Solche Dinge sage ich Paco, wenn sie nach Hause kommt mit ihrer Tasche voller Spraydosen, ihr blauer Overall über und über bekleckert mit den Farben des Mural, an dem sie gerade arbeitet, am Hosenbein die Reste einer schnell abgestreiften Dose, im Haar hat sie den feinen Hauch der vernebelten Farben, und den Ruß und den Schmutz aus den Tiefen der Stadt im Gesicht. Paco, die hereinkommt, einen kurzen Blick wirft auf das Meer der Papiere rund um meinen Sessel. Es soll kein prüfender Blick sein, wenn sie in der Türe steht, die Tasche zu Boden gleiten lässt, ihre Turnschlappen abstreift und wortlos zu mir ans Fenster tritt, es geht auch nicht um Tadel. Eher um Rücksicht, glaube ich, denn sie tritt von hinten an mich heran, raschelnde Schritte, hält ihre rauen Hände beide an meine Wangen, ihre harten Kuppen und die weichen, schmiegsamen Vertiefungen, und ich atme den Geruch von Ruß und Farbe und Staub.
Einen Augenblick lang verharrt sie so, dann legt sie ihr Kinn auf meinen Kopf, und ich versinke in einer Kaskade von wildem, gekraustem Haar:
– An welchem Punkt bist du angelangt?
Wie immer kann ich diese Frage mit äußerster Präzision beantworten, mit geografischer und zeitlicher Akkuratesse, ich sage:
– An einem ganz bestimmten Ort.
Ich bin in meiner Ersatzerinnerung, bei der Rekonstruktion von dem, was sich ereignet haben muss, an jener Ampel angelangt, an der das Taxi auf der Avenue Habib Bourguiba gewartet haben muss, ich schätze, das war ungefähr sieben oder acht Minuten, bevor alles geschah, und ich weiß, dass das Taxi, in dem ich fuhr, gelb war, ein gelbes Taxi wie alle Taxis auf Djerba, ein Peugeot vermutlich.
– Nicht noch mal, sagt Paco und umfasst mich an den Schultern.
– Doch, Liebe, lass mich erklären, meine imaginierte Zeit steht auf elf Uhr dreiundvierzig, ich bin auf Djerba, und ich kann schildern, wie es aussah an dieser roten Ampel, die Cafés und die bunten Auslagen der Töpfer, die weißen Häuser, die Avenue Habib Bourguiba eine Allee, und alles in diesem scharfen Licht, das sich durch die Palmen bricht, in diesem unglaublich hellen Licht auf Djerba.
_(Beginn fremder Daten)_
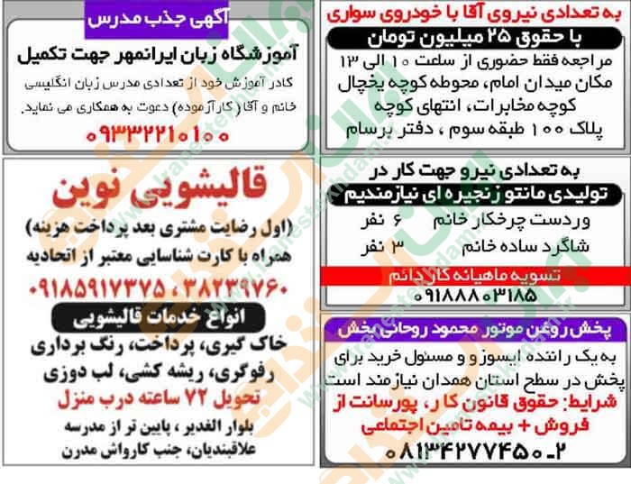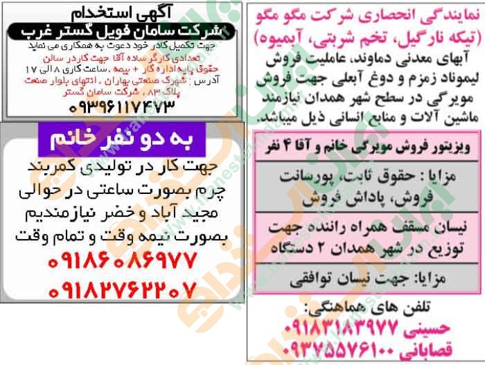 روزنامه استخدامی استان همدان | چهارشنبه 10 مرداد 1403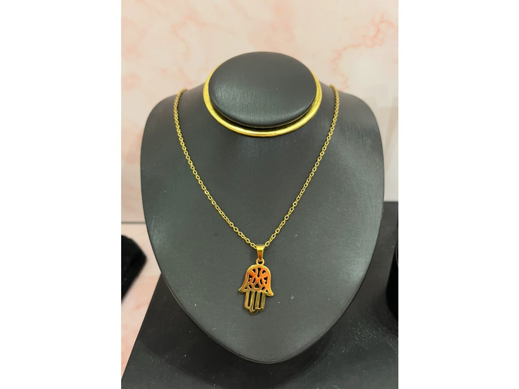 A Hamsa kéz motívuma világszerte a védelem, a jó szerencse és a harmónia szimbóluma. Ez az elegáns, arany bevonatú ékszerszett rozsdamentes acélból készült, így nem kopik, nem színeződik, és érzékeny bőrre is biztonságos. A szett tartalmaz egy medálos nyakláncot és egy hozzá illő bedugós fülbevalót, ezért ajándéknak is tökéletes – legyen szó születésnapról, ballagásról vagy akár önmagad megajándékozásáról.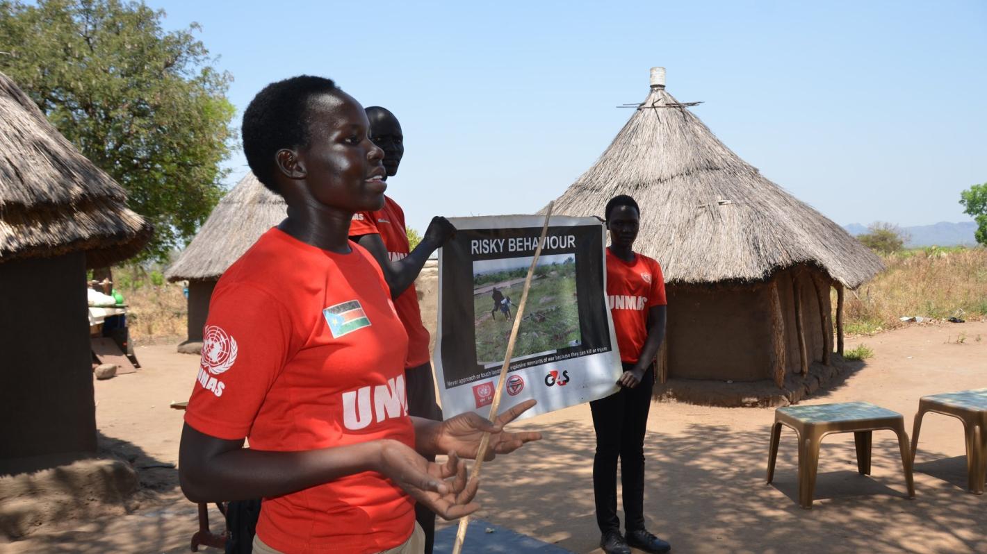 (Mary Arok delivering a training session on explosive ordnance risk education in Birisi village, in the southern part of South Sudan. Copyright: UNMISS)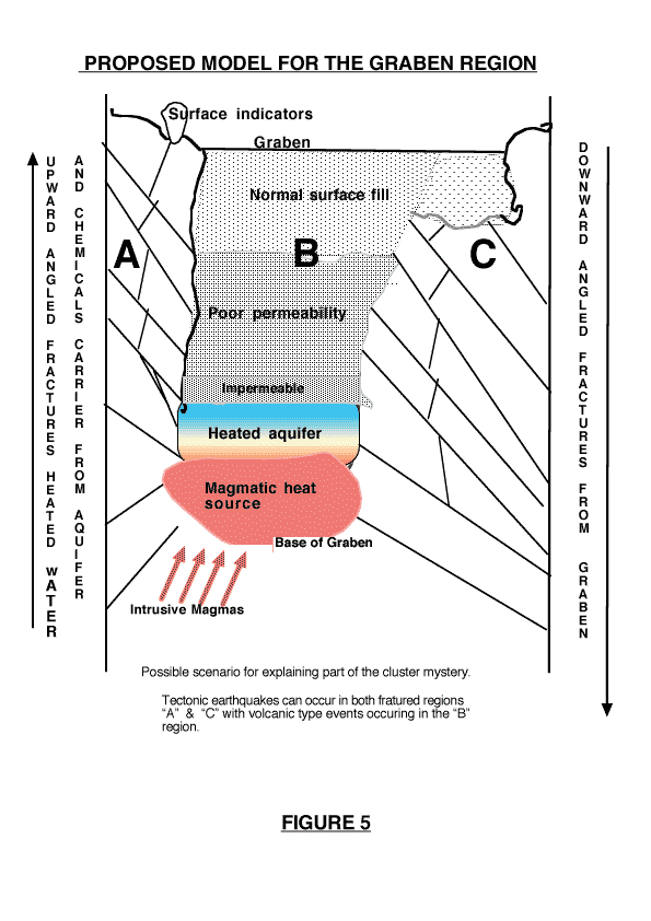 This type of deeper system (Fig 5) has a lot going for it; for example, it offers a better containment with a modicum of insulation and not too shallow to cause surface dangers. This theory does not require only an enclosed graben. It can occur in a large collapsed hole produced by removal of magmas to the surface, during an eruption, and the vacated area collapsing, as for a graben. These vacated areas often occur within the vicinity of surface volcanoes. These volcanoes themselves can be dormant on the surface, but contain magmas at depth, penetrating the area filled with loose material from erosion. These can be alongside zones of high seismicity. Tectonic earthquakes appear to be caused by large solid blocks of material colliding. However, it is important to realise that a graben area filled with sedimentary material cannot support a tectonic type earthquake, whereas volcanic shocks appear to be caused by magmas in bursts of tremor, (not the slippage of solid blocks), and usually only when encountering water and soft materials. Magmas can be traced and their flowing movement underground can even be plotted.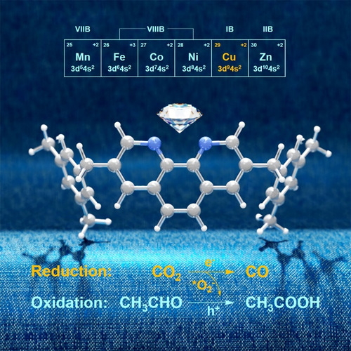 本研究在前期限域单原子位点催化剂的研究基础上(Nat. Catal., 2021, 4, 719),开发了一种带有邻菲罗啉单元的共价邻菲罗啉框架(CPFs)材料,用于锚定d5到d10的SASs(Mn²⁺、Fe³⁺、Co²⁺、Ni²⁺、Cu²⁺和Zn²⁺),如图1所示。经过系列实验表征和理论计算验证,Irving-Williams序列准确预测了上述单原子位点催化剂的稳定性和电荷转移效率。光催化性能测试结果表明,与其他metal-SASs/CPFs催化剂相比,Cu-SASs/CPFs展现出更优异的光还原CO2到CO和光氧化CH3CHO到CH3COOH的活性。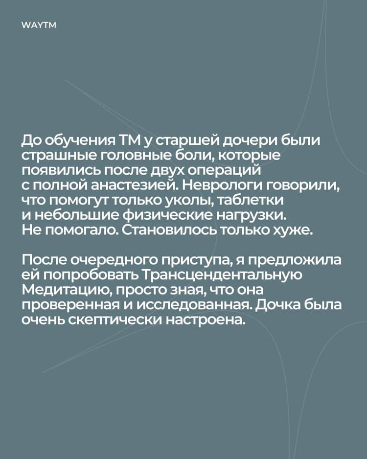 📦 В карусели делимся отзывом Ольги о том, какие результаты приносит техника ТМ её детям. Сама Ольга практикует Трансцендентальную Медитацию с 2021 года.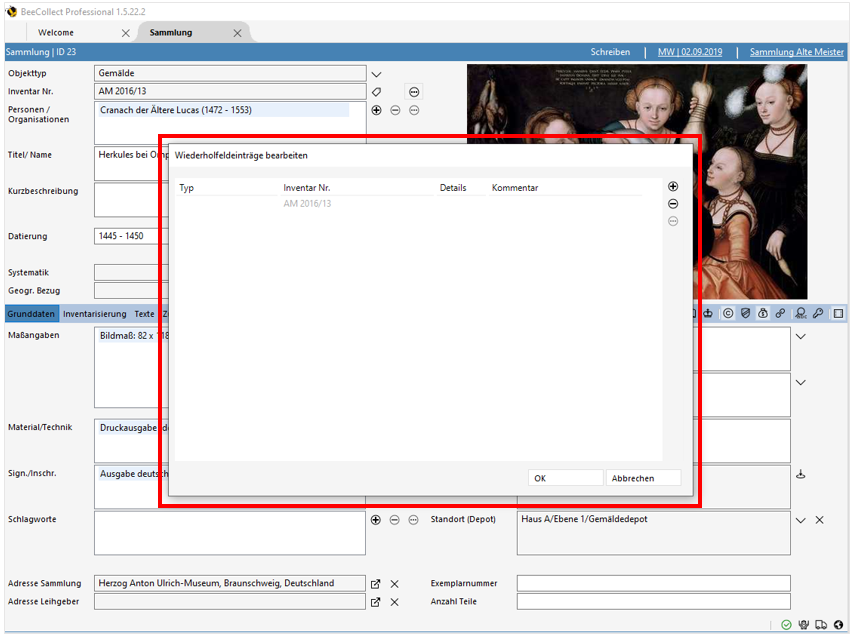Sie befinden sich hier: start » bcpro » de » collection » objdaten » objinventarnrs : fenster_wiederholfeldeintraege_bearbeiten.png

Da standen wir an dieser roten Ampel, und vielleicht war ich auch in Gedanken bereits bei El Ghriba, der Synagoge, die wir uns anschauen wollten, mein Fahrer Tahar und ich, vielleicht habe ich nichts von meiner Umgebung wahrgenommen, an diesem Morgen, um elf Uhr dreiundvierzig, oder habe ich darüber nachgedacht, ob die Häuserzeilen der Place Mongi Bali, an der wir standen, auf den Fundamenten einer römischen Siedlung erstellt wurden oder gar auf den Überresten phönikischer Bauten, Zeugen der allerfrühesten Besiedelung dieser Insel, lag ich in einer meiner mediterranen Träumereien, in denen Zeiten und Völker, Epochen und Eroberungen wild durcheinandergeraten.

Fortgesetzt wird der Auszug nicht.